Dance with Ibexes, Roll Out the Barrel, and Make Money Matter More

by W. Eric Martin

Korean publisher Playte, which was previously known as OPEN’N PLAY, has an interesting approach to publishing that appeals to my game interests, namely licensing decades-old, out-of-print designs and putting them back on the market.

In a 2011 post, I wrote, “It might seem odd to bring all of these older titles back to print, but I have no idea what the Korean game market is like and which titles have been released there previously.” A local designer pointed out to me that another compelling reason for releasing such titles might be the low cost of a license for a design that is otherwise sitting on the creator’s shelf, combined with the nostalgia or hearsay factor that might bring interest from today’s game players.

Take, for example, Dance of Ibexes, a new edition of Wolfgang Kramer‘s Tanz der Hornochsen!, which AMIGO released in German in 2004 and which never saw another edition. This design is a nicely implemented board game adaptation of Kramer’s still successful 6 nimmt! card game, so why has it largely been off the market for nearly twenty years? (AMIGO did release 6 nimmt! Brettspiel in 2019, but the graphics on that design are fairly dry compared to the original game.)

Dance of Ibexes, which is co-published with Popcorn Games, re-injects the fun look of Tanz der Hornochsen!…at least on the cover. (I haven’t seen the game board yet.) Additionally, this game accommodates 3-8 players, whereas 6 nimmt! Brettspiel tops out at six players. Here’s how to play:

Players start with a random assortment of numbered tiles in hand. The game board depicts multiple rows that will hold tiles, with the rows being of varying lengths and with symbols in some spaces. Draw four tiles at random, and place one in the leftmost space of each of the first four rows.

Each round, each player selects and reveals a tile at the same time.
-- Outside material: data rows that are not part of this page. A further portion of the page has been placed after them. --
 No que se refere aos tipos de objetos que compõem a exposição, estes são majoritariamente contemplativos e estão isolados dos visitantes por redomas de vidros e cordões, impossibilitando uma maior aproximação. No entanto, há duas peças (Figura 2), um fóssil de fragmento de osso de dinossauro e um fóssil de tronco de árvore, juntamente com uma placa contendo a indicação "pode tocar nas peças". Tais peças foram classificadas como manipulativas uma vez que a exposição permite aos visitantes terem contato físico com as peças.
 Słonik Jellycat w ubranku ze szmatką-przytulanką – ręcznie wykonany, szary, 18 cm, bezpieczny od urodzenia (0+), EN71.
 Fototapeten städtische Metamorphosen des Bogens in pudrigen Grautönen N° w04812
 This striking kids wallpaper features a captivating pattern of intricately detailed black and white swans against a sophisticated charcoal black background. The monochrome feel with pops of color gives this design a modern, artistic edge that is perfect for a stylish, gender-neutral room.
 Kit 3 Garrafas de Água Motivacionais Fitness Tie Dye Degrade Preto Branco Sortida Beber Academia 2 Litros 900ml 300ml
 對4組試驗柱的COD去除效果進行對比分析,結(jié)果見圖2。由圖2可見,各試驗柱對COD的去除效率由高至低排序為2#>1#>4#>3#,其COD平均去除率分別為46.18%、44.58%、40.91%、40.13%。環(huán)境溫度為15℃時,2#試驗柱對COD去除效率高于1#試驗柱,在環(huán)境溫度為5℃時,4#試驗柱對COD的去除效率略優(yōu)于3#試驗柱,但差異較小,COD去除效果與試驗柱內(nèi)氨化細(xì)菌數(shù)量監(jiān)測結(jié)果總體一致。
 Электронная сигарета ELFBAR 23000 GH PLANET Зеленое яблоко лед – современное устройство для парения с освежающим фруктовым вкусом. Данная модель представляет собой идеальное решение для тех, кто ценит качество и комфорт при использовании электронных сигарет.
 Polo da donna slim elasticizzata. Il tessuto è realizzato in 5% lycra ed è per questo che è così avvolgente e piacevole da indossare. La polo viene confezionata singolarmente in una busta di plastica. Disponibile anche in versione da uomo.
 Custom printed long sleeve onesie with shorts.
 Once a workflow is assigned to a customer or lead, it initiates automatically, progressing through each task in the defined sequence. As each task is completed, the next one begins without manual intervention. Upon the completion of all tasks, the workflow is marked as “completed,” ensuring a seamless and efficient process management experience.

Tiles are placed on the board in order, from lowest to highest, with tiles going into the row that creates the smallest difference between the played tile and the rightmost tile in that row. If your tile finishes the row, you score points (which is bad), then your tile slides down and becomes the starting tile for a new row.

Symbols on the board might cause you to gain or lose points when you cover them. When certain rows are active, points are doubled or points are subtracted from your score instead of added — or both! Sometimes you have to reveal two tiles at a time, upping the chaos for who will end up where in the rows, especially at higher player counts.

The Tanz der Hornochsen! game board

When a player reaches the end of the score track or no tiles remain to be purchased, finish the round, then the player with the fewest points wins.

I’ve played Tanz der Hornochsen! a half-dozen times and enjoyed it. Gameplay can be somewhat random, but watching other players get hit with points is part of the fun — and if you’re the one hit, well, try to get revenge.

• A similar story can be told about Barrel Dice, which is a new edition of the 2013 game Polterfass from Andreas Schmidt and Zoch Verlag. This game for 3-6 players and is a press-your-luck design that features unusual, yet thematic dice. An overview of gameplay:

In Barrel Dice, the dice have been replaced by small beer barrels, and the active player each round is the innkeeper who shares their brew with players who keep their requests modest.

The game includes nine barrels — two of them being special ones — that are rolled out of a dice cup. The normal barrel bases show numbers, while the special barrel bases show symbols that allow the innkeeper to double other values or cancel them. After each roll, only the values/symbols of “standing” barrels count.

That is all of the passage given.